## Work order
Where the lines below hold images, skip those and copy every word exactly.

## Recorded data
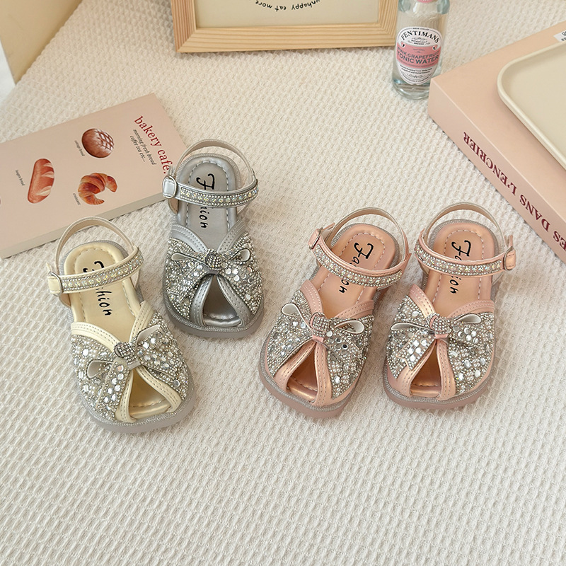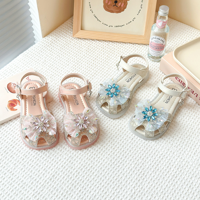 多用途でスタイリッシュな女の子のクリスタルシューズ 2025 夏の新しい子供のプリンセスシューズソフトソール滑り止めファッションベビーサンダル
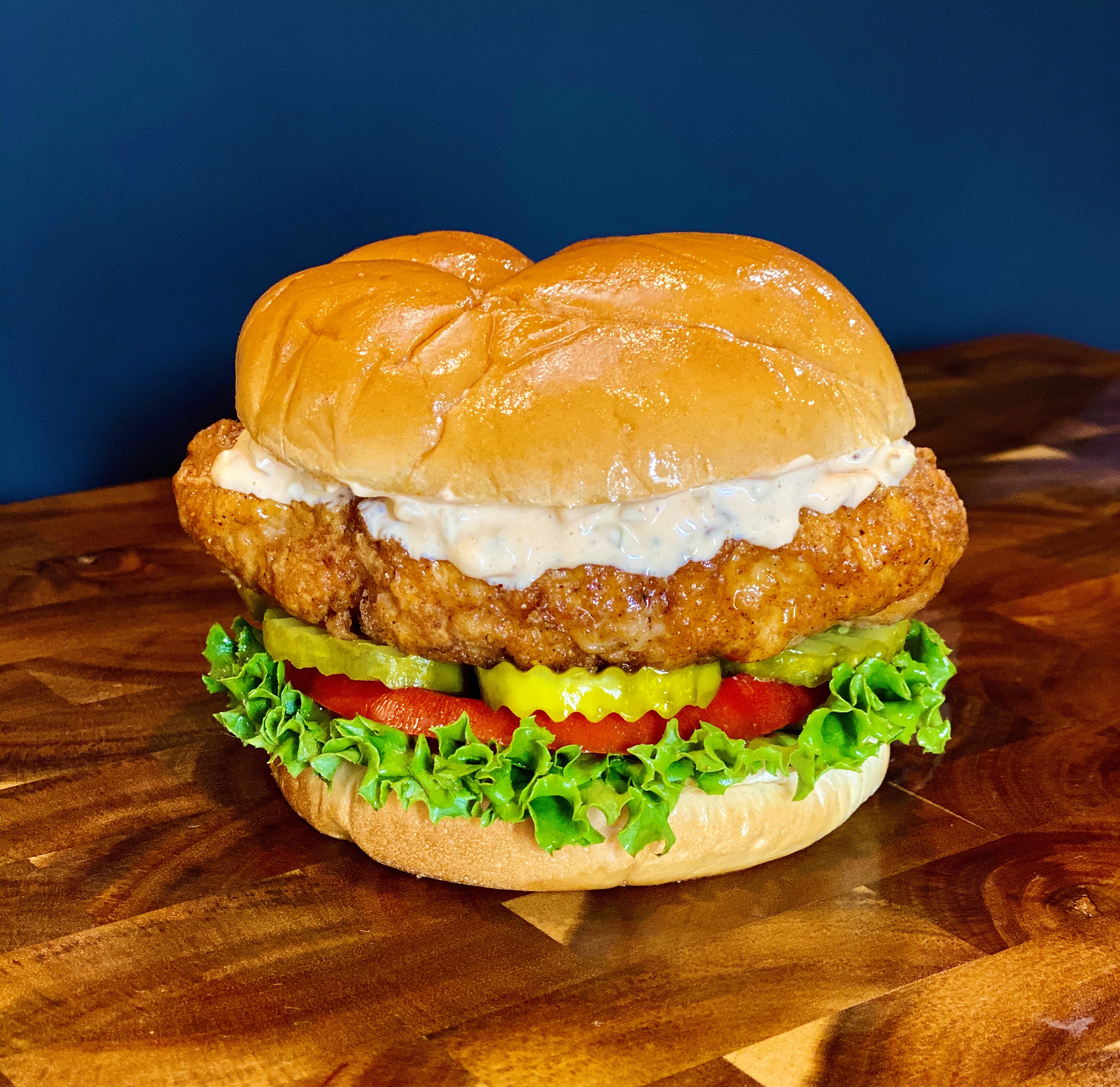 Marinated and fried chicken breast,pickles, lettuce, tomato, topped with our homemade spicy mayo sauce.
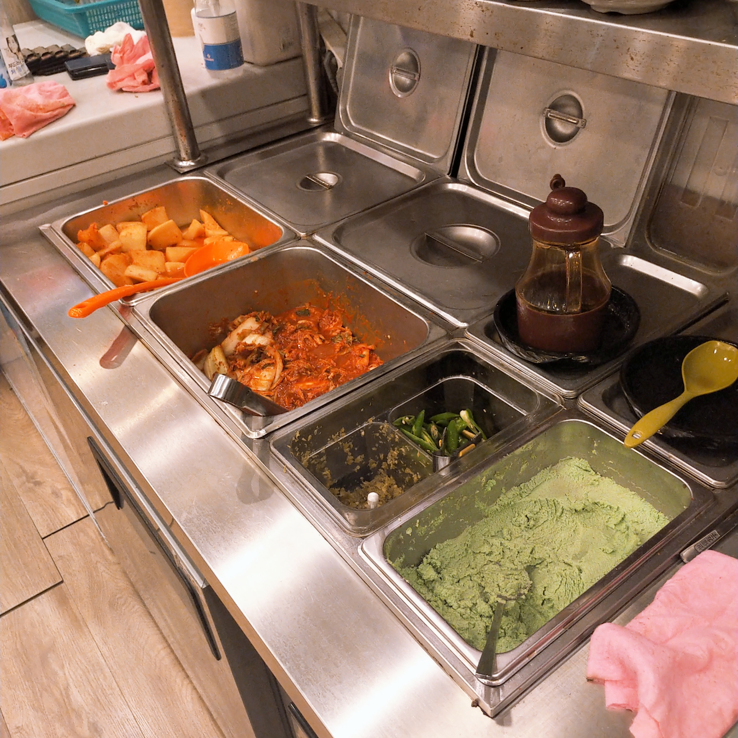 셀프바에는 겉절이, 깍두기, 절임고추, 청양고추, 와사비 등이 있습니다.

## Answer for the task
 多用途でスタイリッシュな女の子のクリスタルシューズ 2025 夏の新しい子供のプリンセスシューズソフトソール滑り止めファッションベビーサンダル
 Marinated and fried chicken breast,pickles, lettuce, tomato, topped with our homemade spicy mayo sauce.
 셀프바에는 겉절이, 깍두기, 절임고추, 청양고추, 와사비 등이 있습니다.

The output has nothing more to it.